Source material
___

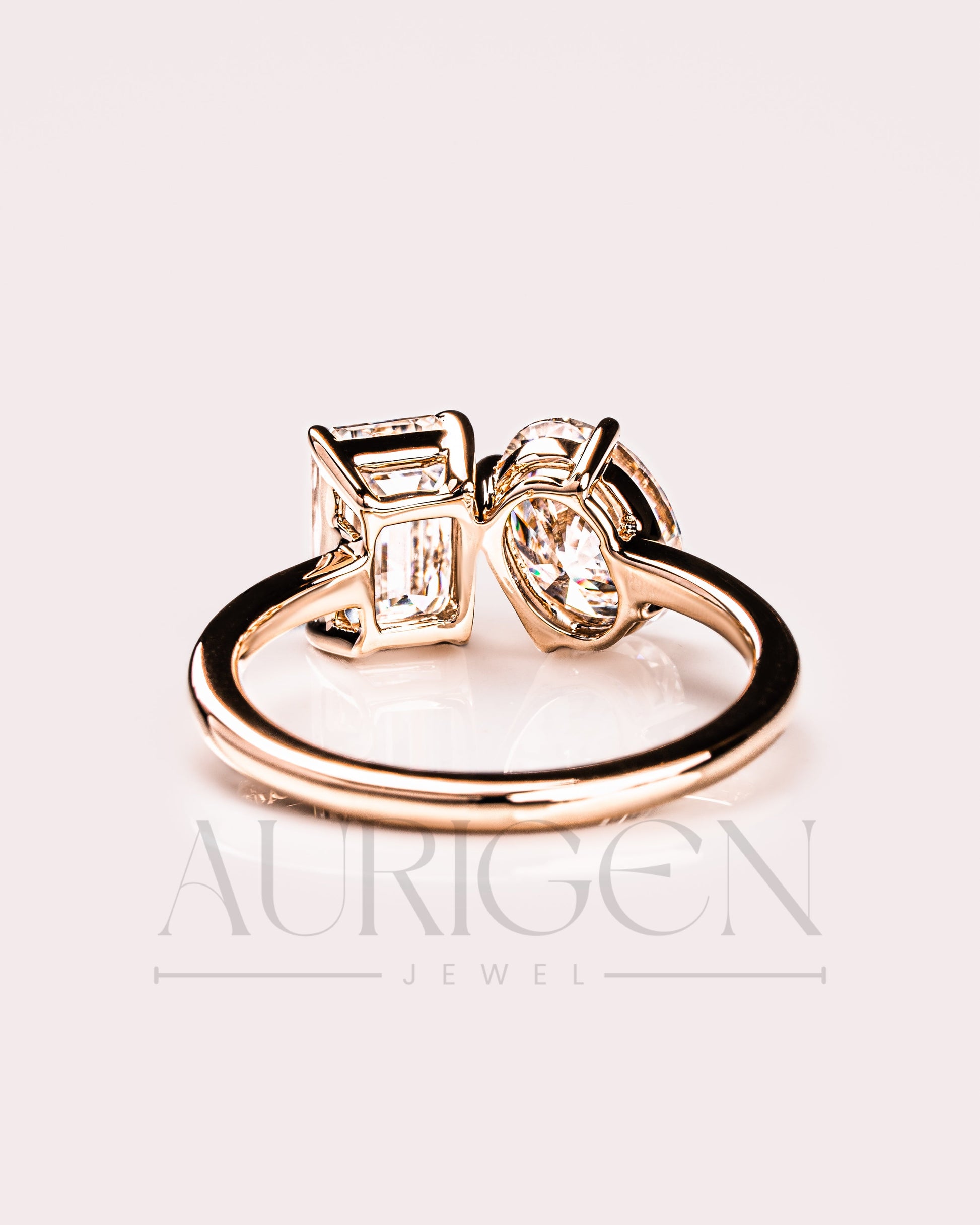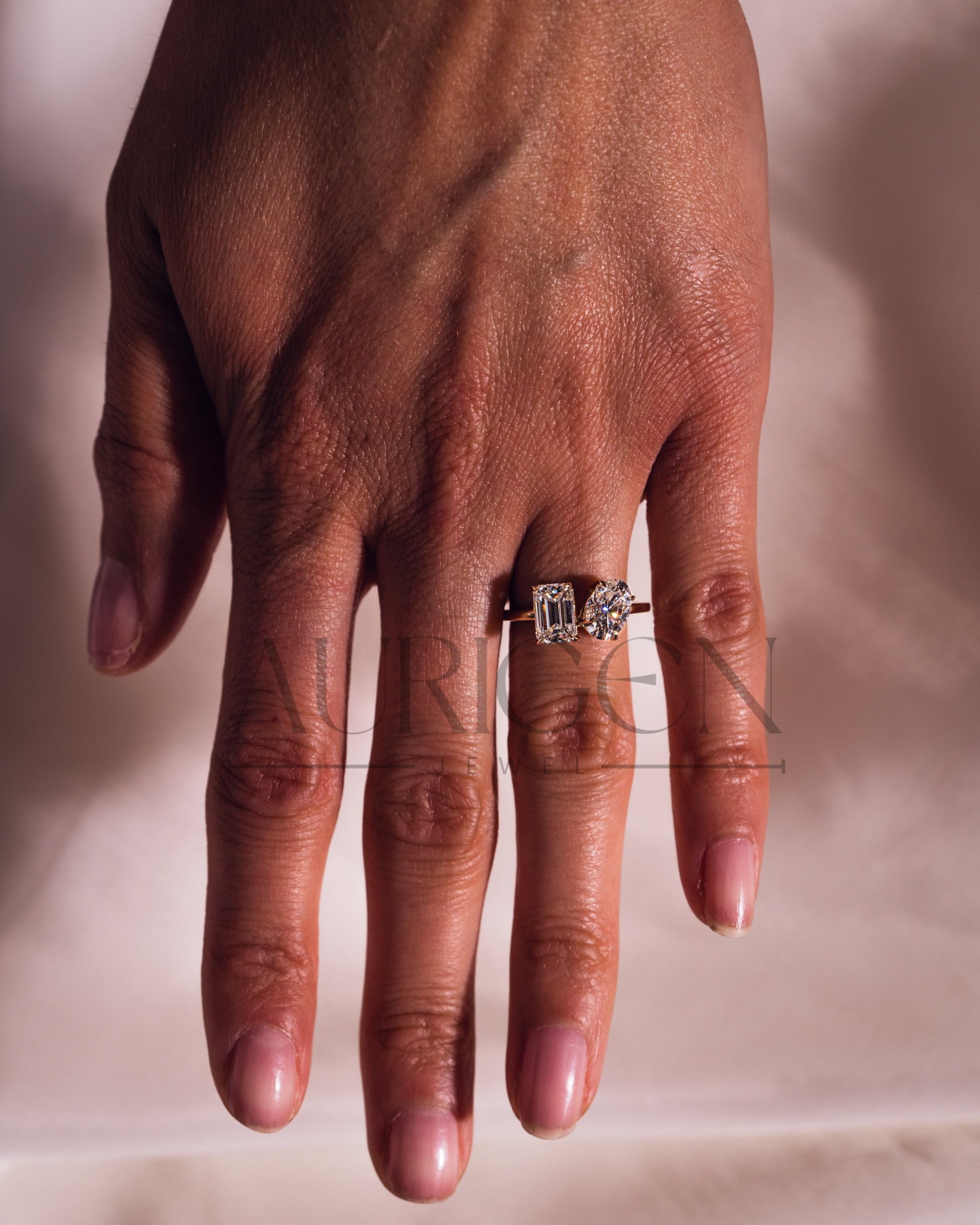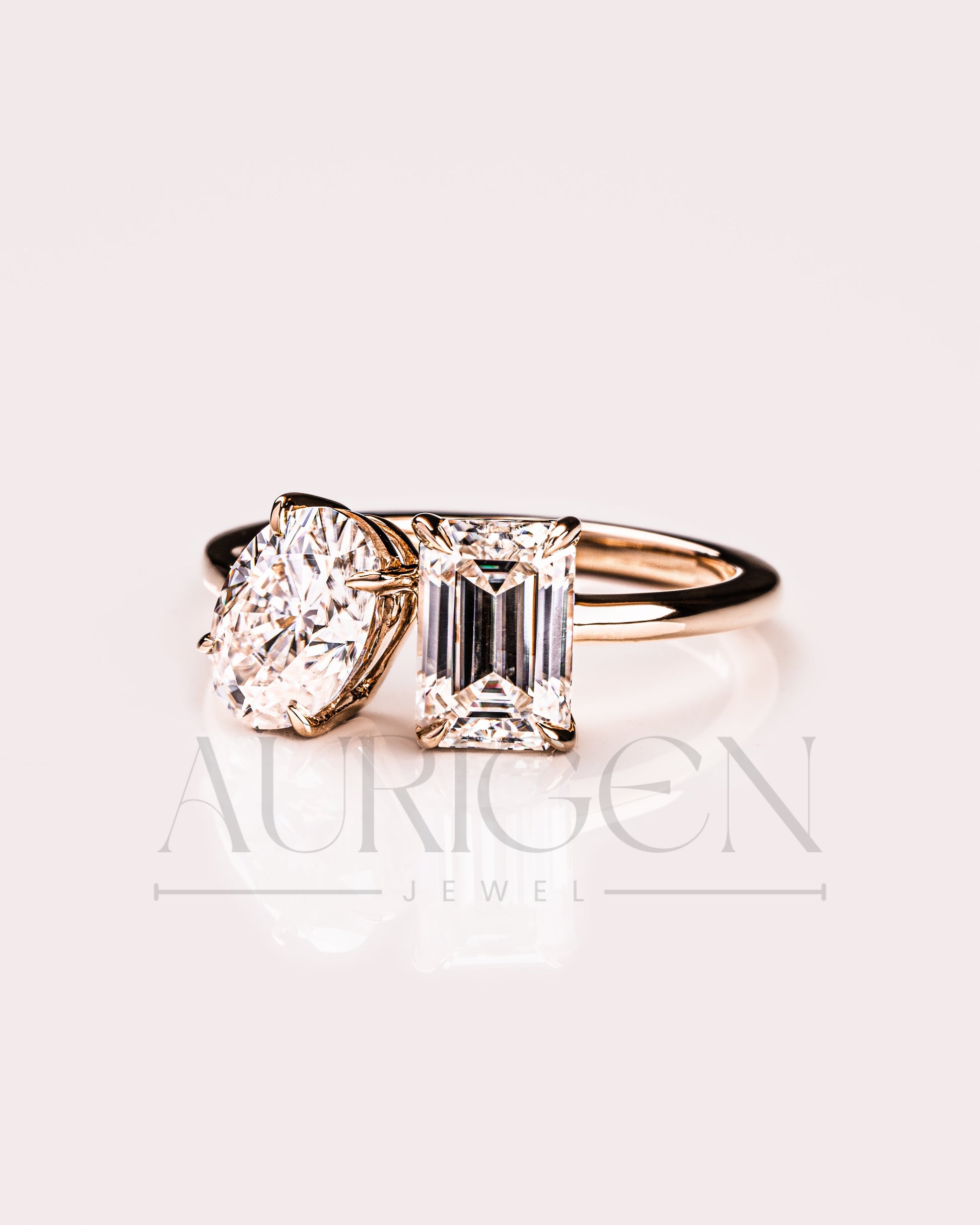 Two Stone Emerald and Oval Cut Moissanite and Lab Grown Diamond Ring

___

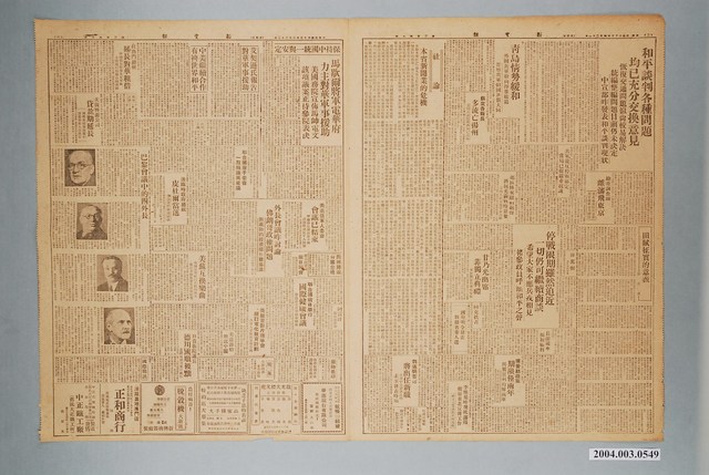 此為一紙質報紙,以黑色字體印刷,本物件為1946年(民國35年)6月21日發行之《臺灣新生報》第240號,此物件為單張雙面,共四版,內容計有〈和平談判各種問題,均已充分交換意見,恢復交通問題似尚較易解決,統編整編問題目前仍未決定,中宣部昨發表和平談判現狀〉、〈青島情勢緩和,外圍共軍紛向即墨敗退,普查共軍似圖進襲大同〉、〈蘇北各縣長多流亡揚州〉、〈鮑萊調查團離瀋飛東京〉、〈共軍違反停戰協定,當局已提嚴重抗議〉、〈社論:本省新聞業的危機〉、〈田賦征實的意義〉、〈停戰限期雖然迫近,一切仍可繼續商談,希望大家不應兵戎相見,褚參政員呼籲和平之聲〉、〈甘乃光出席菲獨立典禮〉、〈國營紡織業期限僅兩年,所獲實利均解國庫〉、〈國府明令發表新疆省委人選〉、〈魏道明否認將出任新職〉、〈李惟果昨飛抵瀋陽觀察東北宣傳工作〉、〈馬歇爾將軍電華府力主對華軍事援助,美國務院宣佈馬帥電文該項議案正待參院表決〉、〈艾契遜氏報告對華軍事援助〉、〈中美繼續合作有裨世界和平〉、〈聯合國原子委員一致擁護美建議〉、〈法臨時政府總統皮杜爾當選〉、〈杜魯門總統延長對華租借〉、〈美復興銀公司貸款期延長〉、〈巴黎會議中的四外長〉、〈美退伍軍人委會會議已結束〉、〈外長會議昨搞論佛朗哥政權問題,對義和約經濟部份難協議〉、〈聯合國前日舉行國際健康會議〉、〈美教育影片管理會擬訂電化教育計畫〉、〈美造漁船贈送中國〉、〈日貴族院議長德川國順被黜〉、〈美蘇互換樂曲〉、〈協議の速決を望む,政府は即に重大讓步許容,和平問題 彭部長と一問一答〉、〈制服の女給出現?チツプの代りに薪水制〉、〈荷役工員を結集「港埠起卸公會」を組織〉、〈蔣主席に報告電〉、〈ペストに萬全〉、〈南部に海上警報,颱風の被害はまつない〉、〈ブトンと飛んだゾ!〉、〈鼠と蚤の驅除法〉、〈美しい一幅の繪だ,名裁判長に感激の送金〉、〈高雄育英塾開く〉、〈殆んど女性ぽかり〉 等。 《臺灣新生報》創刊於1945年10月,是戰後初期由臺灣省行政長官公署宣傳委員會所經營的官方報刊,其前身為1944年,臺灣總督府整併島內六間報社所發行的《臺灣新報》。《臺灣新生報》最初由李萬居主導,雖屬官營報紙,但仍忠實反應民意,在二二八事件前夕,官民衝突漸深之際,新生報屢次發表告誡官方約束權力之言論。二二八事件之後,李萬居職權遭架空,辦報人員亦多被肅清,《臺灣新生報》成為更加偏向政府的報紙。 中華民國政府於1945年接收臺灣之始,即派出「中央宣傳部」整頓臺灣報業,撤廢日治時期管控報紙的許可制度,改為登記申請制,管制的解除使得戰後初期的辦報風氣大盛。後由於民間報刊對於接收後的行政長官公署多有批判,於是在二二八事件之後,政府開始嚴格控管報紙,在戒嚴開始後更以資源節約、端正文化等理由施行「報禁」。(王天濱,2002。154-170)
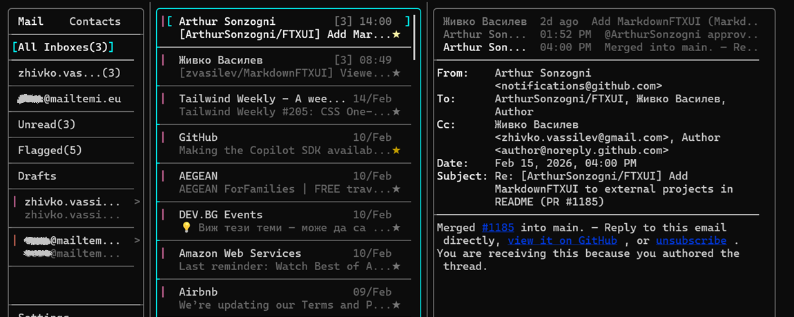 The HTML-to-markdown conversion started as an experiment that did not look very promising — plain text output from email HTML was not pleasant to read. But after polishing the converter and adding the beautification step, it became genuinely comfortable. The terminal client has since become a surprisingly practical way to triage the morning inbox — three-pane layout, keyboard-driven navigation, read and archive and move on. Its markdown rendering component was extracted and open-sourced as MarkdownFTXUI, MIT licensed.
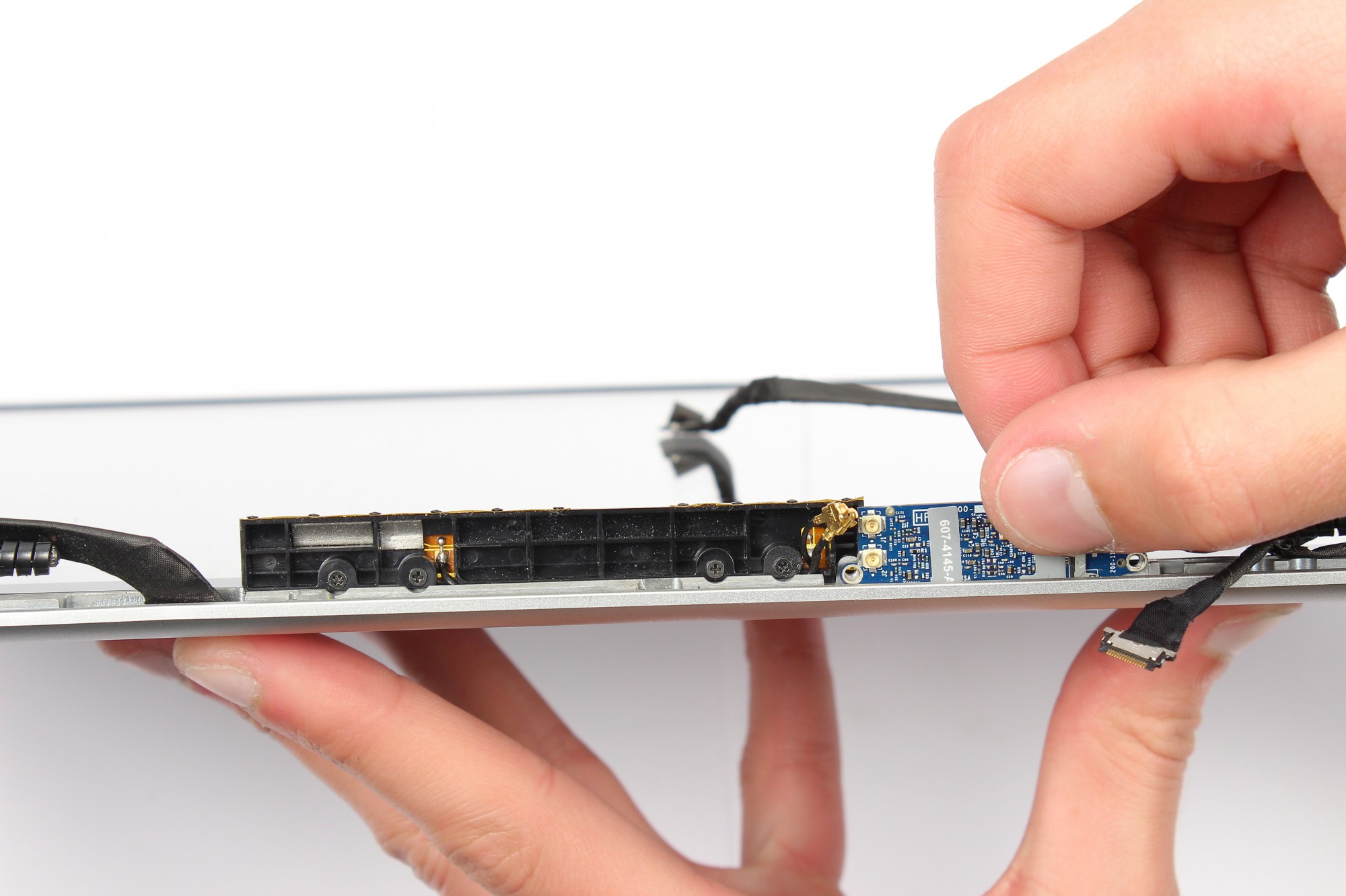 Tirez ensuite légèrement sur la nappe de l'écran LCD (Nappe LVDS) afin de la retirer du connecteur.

___

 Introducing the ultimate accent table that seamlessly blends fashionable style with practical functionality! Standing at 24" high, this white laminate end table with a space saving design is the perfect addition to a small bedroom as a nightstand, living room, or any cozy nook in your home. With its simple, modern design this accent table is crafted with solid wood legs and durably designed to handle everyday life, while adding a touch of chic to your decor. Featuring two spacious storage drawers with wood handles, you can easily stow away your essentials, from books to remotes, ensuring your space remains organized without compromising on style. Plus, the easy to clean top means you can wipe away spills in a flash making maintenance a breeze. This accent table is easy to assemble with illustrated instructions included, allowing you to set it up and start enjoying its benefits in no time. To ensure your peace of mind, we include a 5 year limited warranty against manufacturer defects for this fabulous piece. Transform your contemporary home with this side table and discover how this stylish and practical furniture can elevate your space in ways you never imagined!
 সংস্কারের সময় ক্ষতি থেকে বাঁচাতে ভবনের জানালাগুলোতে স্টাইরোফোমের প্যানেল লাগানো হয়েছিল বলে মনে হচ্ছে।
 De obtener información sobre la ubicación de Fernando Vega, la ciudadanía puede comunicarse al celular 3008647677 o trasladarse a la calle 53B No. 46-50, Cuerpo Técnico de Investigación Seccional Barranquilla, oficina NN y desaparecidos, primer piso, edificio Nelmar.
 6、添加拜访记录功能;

___

Your task for the entries above: copy exactly the span starting with the line with "De obtener información" and going on through the line with "6、添加拜访记录功能;", both lines included, and nothing else.

Written response
 De obtener información sobre la ubicación de Fernando Vega, la ciudadanía puede comunicarse al celular 3008647677 o trasladarse a la calle 53B No. 46-50, Cuerpo Técnico de Investigación Seccional Barranquilla, oficina NN y desaparecidos, primer piso, edificio Nelmar.
 6、添加拜访记录功能;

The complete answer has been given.